Jan 3, 2012

Finding subtile malloc bugs

Last year I've talked with a couple of engineers that had where hunting done some strange bug reports with memory corruption that upstream developers could not directly reproduce. The bugs included accessing data after a closedir call or buffer overflows. These kind of bugs normally lead to random behaviour at one point in time and are really difficult to debug. In the case of openSUSE Factory, the openSUSE developers could reproduceable trigger these since glibc comes with some helpers.
If  "MALLOC_PERTURB_" is set in the environment, then every malloc call will clear memory after every free - thus destroying its content - and also initialize malloc'ed memory (with the exception of cmalloc).

Ulrich Drepper who implements this said:
"The reason for this exercise is, of course, to find code which uses memory returned by malloc without initializing it and code which uses code after it is freed. valgrind can do this but it's costly to run.

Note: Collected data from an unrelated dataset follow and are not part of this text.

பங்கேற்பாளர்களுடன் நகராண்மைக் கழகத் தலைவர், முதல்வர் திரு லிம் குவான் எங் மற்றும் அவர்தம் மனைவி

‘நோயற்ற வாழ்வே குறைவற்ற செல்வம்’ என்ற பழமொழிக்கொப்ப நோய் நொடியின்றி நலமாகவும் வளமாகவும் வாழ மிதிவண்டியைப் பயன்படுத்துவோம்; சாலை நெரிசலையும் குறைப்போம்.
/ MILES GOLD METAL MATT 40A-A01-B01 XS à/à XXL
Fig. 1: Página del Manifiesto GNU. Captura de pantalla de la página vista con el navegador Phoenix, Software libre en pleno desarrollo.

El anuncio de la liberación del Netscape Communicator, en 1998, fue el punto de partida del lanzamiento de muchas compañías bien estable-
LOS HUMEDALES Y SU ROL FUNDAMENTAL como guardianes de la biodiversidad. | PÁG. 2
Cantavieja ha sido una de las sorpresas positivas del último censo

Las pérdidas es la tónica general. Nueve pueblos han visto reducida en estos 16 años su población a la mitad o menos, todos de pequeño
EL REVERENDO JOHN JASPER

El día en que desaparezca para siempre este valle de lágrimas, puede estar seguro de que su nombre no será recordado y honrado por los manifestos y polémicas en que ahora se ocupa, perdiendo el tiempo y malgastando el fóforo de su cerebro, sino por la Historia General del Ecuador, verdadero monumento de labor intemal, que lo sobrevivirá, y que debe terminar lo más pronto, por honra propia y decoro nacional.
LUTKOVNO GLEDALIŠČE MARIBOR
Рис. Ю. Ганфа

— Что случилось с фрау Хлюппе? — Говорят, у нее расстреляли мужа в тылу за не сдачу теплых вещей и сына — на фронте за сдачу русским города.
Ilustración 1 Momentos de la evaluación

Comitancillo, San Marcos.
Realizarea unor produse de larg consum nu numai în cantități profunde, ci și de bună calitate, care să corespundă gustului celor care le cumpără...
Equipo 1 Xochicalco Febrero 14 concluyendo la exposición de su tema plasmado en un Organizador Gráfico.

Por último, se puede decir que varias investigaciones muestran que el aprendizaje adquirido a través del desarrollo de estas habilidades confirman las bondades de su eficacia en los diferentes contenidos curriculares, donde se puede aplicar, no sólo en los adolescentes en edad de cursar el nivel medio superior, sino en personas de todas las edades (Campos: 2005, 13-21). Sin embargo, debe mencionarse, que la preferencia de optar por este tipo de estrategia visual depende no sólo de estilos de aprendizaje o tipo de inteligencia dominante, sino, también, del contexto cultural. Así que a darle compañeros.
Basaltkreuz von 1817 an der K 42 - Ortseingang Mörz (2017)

The MALLOC_PERTURB_ exchanges the ability to detect problems in 100% of the cases with speed."
In openSUSE, we set MALLOC_PERTURB_ to 69. So, if you find your memory location suddenly is filled with "E"s (ASCII 69 is 'E') or with "\272" (the bitwise inverse), you have found a bug in handling of malloc.


For more information, read Ulrich's blog or Jakub's blog.


This is only enabled for openSUSE Factory but if you're developing software yourself, I advise to set it yourself and use it to find bugs early.